Même si la population québécoise a augmenté de 4,1 % pour cette période, son poids démographique diminue pour un onzième recensement consécutif canadien. Alors qu'en 2016, les Québécois étaient à 23,2 % de la population canadienne, en 2021, le pourcentage a diminué à 23 %.

La fécondité est aussi en baisse au Canada. Passé de 1,47 enfant par femme en 2019, la fécondité a réalisé un creux en 2020 à 1,4 enfant par femme.

L'étalement urbain s'accélère aussi, selon Statistique Canada. En 2021, 73,7 % des Canadiens vivaient dans un grand centre urbain.
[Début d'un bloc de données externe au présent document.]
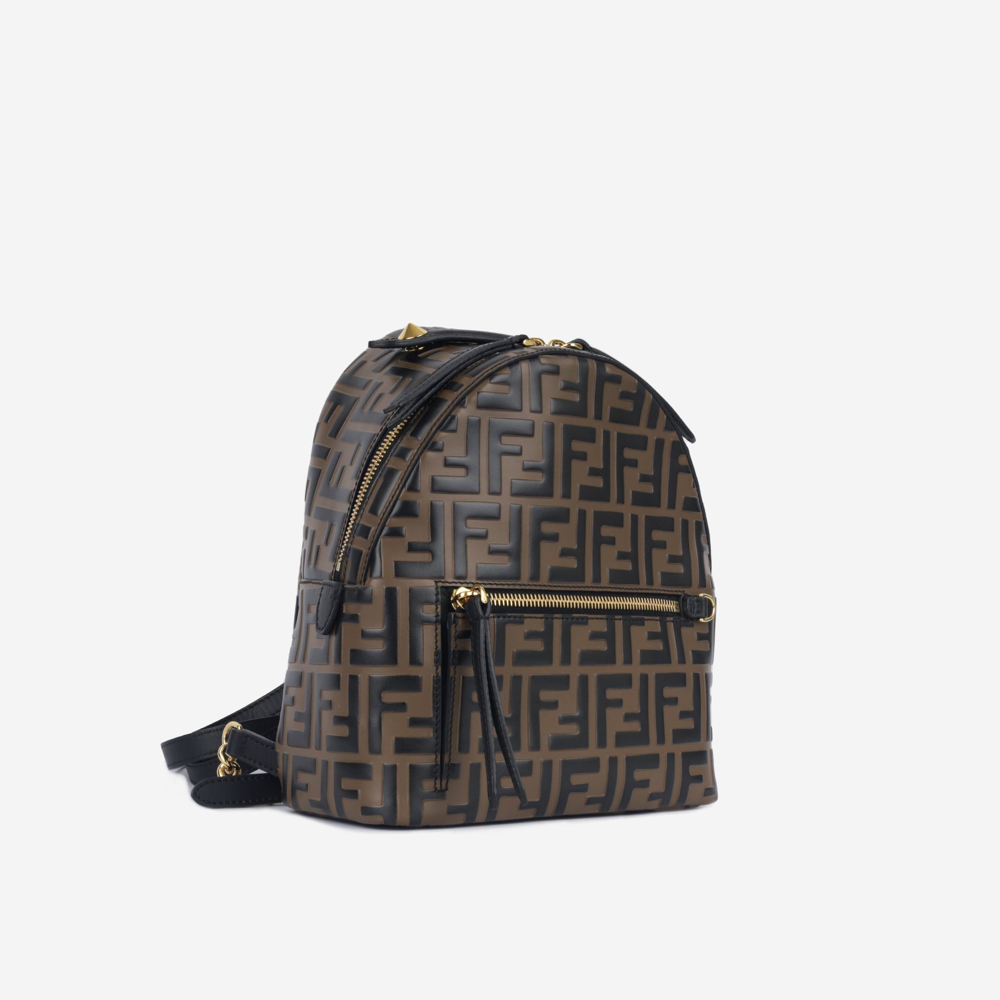FF motif embossed mini backpack, crafted from leather and fully lined. Comes with a spacious compartment, zip fastening with double slider, a front pocket with zip and gold-finish metalware. Can be worn both on the shoulder or carried by the top handle.

En 2016, c'était plutôt 73,2 %. "Les villes situées juste à l'extérieur de ces grands centres" bénéficient aussi de ces déplacements des personnes qui désirent vivre à proximité des quartiers centraux.

(Source: article de Sandrine Vieira, dans Le Devoir  d'aujourd'hui)


mardi 8 février 2022

L'arrêt de mort de l'exportation de gaz naturel albertain par GNL Québec

Après que le Québec ait rejeté le projet de GNL Québec l'été dernier, après des démissions, des licenciements et le retrait d'importants investisseurs, les promoteurs avaient décidé de poursuivre le processus d'évaluation environnementale fédérale. On maintenait encore des lobbyistes actifs tant au Québec qu'à Ottawa.

Hier, le gouvernement fédéral, par une annonce du ministre de l'Environnement, Steven Guilbeault,  a précisé que les "effets environnementaux négatifs importants que le projet est susceptible d'entraîner ne sont pas justifiables dans les circonstances". GNL Québec désirait construire une usine de liquéfaction, un terminal maritime d'exportation à Saguenay et un gazoduc de 480 kilomètres nécessaire pour acheminer le gaz naturel albertain. C'était le plus gros projet industriel privé de notre histoire québécoise, avec la nécessité d'obtenir 14 milliards de dollars pour sa réalisation.

Selon le rapport publié hier, l'Agence d'évaluation d'impact du Canada (AEIC) écrit que ce projet nuirait aux efforts climatiques du Canada, à l'atteinte de la "carboneutralité" d'ici 2050. C'est un rejet des affirmations du promoteur selon lesquelles le projet serait bénéfique pour la lutte contre la crise climatique. Aucun scénario n'était crédible pour l'Agence. De plus, l'AEIC écarte l'argument que le gaz naturel serait un partenaire de la "transition énergétique".

Afin de respecter les objectifs de l'Accord de Paris sur le climat de décembre 2015, les pays doivent "renoncer" à autoriser le développement de "nouveaux sites pétroliers et gaziers".

Laisser circuler 320 méthaniers sur le Saguenay chaque année aurait pu porter des risques majeurs pour des mammifères marins en péril, dont le béluga du Saint-Laurent. 

Toutefois, d'autres projets, comme le projet LNG Canada, sont toujours soutenus par le gouvernement fédéral. En Colombie-Britannique, le plus important projet du genre au Canada, est en cours de construction. Il est alimenté en gaz par le gazoduc Coastal Gaslink, encore controversé.

Dans l'est du pays, le projet Goldboro LNG est envisagé en Nouvelle-Écosse. Il faudra d'abord construire un nouveau gazoduc qui traverserait le territoire de plusieurs municipalités du sud du Québec. Les élus de Saint-Robert ont déjà annoncé qu'il n'appuyait pas la construction de ce gazoduc.